◆ EXERCISE:
From the first line of the data below through the line holding "- Столешница: светлая, гладкая, из", write out each line exactly as it stands.

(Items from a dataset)
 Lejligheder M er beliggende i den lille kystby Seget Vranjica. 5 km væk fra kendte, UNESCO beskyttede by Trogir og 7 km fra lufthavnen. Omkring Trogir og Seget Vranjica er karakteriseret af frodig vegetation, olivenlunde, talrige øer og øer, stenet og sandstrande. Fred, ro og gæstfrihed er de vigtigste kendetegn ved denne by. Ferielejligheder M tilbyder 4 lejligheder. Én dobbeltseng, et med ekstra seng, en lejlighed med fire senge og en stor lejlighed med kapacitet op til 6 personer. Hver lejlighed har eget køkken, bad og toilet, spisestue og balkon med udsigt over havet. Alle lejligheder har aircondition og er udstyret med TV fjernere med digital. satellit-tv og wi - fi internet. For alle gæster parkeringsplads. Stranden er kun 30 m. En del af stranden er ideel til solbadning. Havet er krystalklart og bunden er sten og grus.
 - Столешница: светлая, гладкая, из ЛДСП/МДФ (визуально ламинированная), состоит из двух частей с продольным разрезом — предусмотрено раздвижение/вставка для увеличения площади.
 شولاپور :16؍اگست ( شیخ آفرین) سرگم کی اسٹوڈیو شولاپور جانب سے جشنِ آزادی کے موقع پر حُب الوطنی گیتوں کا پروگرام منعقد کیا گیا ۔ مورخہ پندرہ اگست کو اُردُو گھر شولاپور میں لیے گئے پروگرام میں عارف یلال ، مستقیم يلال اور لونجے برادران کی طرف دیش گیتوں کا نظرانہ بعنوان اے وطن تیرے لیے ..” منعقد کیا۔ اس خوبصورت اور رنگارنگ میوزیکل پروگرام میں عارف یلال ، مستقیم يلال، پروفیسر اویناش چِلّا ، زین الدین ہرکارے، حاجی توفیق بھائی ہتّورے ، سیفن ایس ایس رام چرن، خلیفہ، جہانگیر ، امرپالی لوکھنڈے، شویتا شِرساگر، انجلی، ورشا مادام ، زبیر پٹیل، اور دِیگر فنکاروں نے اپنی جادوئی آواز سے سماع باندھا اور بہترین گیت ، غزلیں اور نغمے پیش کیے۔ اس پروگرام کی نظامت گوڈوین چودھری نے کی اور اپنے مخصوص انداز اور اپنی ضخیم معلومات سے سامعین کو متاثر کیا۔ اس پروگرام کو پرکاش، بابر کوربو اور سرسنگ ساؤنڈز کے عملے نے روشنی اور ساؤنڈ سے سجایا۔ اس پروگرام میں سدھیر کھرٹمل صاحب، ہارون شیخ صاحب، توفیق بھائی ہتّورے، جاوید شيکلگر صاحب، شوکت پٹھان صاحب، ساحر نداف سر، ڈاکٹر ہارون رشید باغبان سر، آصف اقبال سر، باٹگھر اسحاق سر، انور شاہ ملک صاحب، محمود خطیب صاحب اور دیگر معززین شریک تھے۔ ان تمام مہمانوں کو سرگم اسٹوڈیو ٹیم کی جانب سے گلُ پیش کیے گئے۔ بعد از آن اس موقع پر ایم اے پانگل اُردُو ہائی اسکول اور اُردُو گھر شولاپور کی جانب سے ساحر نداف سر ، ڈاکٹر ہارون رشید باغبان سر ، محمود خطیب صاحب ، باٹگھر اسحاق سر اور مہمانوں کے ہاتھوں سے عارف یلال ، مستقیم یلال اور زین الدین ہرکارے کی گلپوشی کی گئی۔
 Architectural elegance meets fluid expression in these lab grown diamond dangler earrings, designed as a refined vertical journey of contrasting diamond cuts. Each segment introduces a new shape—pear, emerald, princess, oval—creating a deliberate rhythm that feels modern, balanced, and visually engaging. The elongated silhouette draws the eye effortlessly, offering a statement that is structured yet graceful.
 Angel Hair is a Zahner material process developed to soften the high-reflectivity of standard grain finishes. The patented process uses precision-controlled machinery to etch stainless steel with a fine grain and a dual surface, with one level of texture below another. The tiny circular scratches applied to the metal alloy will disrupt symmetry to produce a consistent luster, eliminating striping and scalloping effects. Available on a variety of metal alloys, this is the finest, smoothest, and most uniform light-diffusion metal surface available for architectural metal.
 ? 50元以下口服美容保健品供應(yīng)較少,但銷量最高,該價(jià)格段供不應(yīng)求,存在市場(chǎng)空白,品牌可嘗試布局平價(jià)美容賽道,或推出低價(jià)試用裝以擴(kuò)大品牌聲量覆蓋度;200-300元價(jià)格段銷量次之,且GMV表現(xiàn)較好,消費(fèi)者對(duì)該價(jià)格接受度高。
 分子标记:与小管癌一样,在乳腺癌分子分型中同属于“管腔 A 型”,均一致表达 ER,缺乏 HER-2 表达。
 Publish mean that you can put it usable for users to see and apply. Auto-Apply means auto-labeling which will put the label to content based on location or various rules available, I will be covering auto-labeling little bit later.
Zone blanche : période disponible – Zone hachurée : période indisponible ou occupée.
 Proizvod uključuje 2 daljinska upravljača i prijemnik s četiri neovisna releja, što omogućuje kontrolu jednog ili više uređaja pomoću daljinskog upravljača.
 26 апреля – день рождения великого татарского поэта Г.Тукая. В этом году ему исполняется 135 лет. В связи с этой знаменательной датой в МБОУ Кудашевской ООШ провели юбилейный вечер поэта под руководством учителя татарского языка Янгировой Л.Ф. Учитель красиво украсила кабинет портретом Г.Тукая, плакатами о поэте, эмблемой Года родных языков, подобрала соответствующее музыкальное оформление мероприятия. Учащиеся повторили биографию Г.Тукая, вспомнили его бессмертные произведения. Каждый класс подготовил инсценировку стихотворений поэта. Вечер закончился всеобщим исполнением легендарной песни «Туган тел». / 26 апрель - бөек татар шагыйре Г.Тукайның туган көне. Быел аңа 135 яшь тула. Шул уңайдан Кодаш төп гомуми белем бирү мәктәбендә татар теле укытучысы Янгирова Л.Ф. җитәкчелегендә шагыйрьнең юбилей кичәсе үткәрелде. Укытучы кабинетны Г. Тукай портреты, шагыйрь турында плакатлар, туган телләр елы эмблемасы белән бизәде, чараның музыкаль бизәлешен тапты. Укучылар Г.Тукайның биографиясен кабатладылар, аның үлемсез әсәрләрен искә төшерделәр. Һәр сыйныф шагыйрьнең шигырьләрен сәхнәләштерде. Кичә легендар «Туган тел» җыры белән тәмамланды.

◆ SOLVED EXERCISE:
 Lejligheder M er beliggende i den lille kystby Seget Vranjica. 5 km væk fra kendte, UNESCO beskyttede by Trogir og 7 km fra lufthavnen. Omkring Trogir og Seget Vranjica er karakteriseret af frodig vegetation, olivenlunde, talrige øer og øer, stenet og sandstrande. Fred, ro og gæstfrihed er de vigtigste kendetegn ved denne by. Ferielejligheder M tilbyder 4 lejligheder. Én dobbeltseng, et med ekstra seng, en lejlighed med fire senge og en stor lejlighed med kapacitet op til 6 personer. Hver lejlighed har eget køkken, bad og toilet, spisestue og balkon med udsigt over havet. Alle lejligheder har aircondition og er udstyret med TV fjernere med digital. satellit-tv og wi - fi internet. For alle gæster parkeringsplads. Stranden er kun 30 m. En del af stranden er ideel til solbadning. Havet er krystalklart og bunden er sten og grus.
 - Столешница: светлая, гладкая, из ЛДСП/МДФ (визуально ламинированная), состоит из двух частей с продольным разрезом — предусмотрено раздвижение/вставка для увеличения площади.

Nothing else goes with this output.